In order to explore these questions further, and thus to understand more about the prehistory of the evaluation of digital scholarship, I will survey some of the conversations the humanities computing community recorded in the years before c. 2002 concerning peer review and evaluation. In particular, I will uncover and discuss attitudes to and experiences of the evaluation of digital, or digitally-derived, research recorded in internet and www forums, publications, and oral history interviews.11

Because humanities scholarship is usually evaluated via peer review, I will survey conversations about one or both of these terms. I define the terms ‘peer review’ and ‘evaluation’ broadly to include any kind of assessment (whether qualitative or quantitative) of digital scholarship that is discussed in the literature I have surveyed. So too, I have adopted a broad definition of digital scholarship that includes not only digital or digitally-derived scholarship but also scholarship that has been published digitally. I do this on account of the practice of ‘double-publication’, which has long been at play in the digital humanities, where publication about a digital humanities artefact or tool is required in addition to the digital object or resource itself.12

A growing body of literature addresses the evaluation of digital scholarship and the issues connected to it. Important discussions include the social and dialogic contexts that might be cultivated at a departmental level to support the longer-term evaluation of digital scholarship,13 criteria for evaluative committees who assess digital scholarship,14 and the particular circumstances that often underpin digital scholarship, for example, collaboration.15 Publications also advocate for the necessity of evaluating digital scholarship,16 explore ways in which particular communities might contribute to evaluation,17 and discuss some approaches to assessing emerging forms of digital scholarship.18 Yet, the wider history of the evaluation and peer review of digital scholarship is little addressed (while the history of peer review in the humanities also requires further research).19 This paper seeks to explore this topic by sketching the ways in which peer review and evaluation were discussed and understood by the humanities computing community during the years before c. 2002.
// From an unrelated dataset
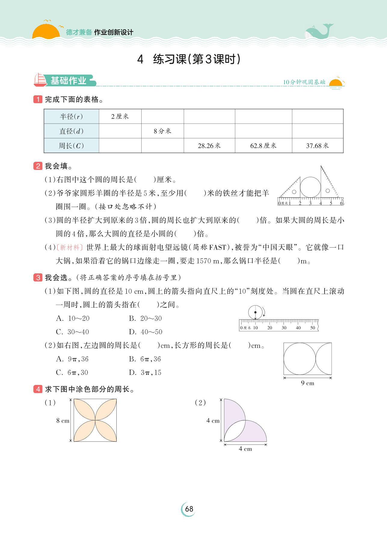2023下册五年级数学苏教版 第六单元 圆——4 练习课(第3课时)

Experiences and Discussion of Evaluation c. 1963–2001

The discussions and debates that are summarised below are founded on the following questions: what constitutes a digital research output? Which outputs should be formally evaluated? In line with what criteria could they be evaluated? How should the peer review process be organised and managed, and who might participate in it? What do bibliometrics imply about the perceived impact and quality of digital scholarship? The responses these questions elicited are often underscored by a certain ambivalence about the robustness and fair-mindedness of the process of evaluating digital scholarship. The question of whether digital scholarship could even get a fair hearing seems to be raised implicitly. At the time of writing, digital humanities is apparently in a strong position, so this attitude might seem puzzling to readers of this chapter. Yet, it is an important backdrop against which many of the conversations summarised below should be read, and I will therefore briefly address it and its wider contexts.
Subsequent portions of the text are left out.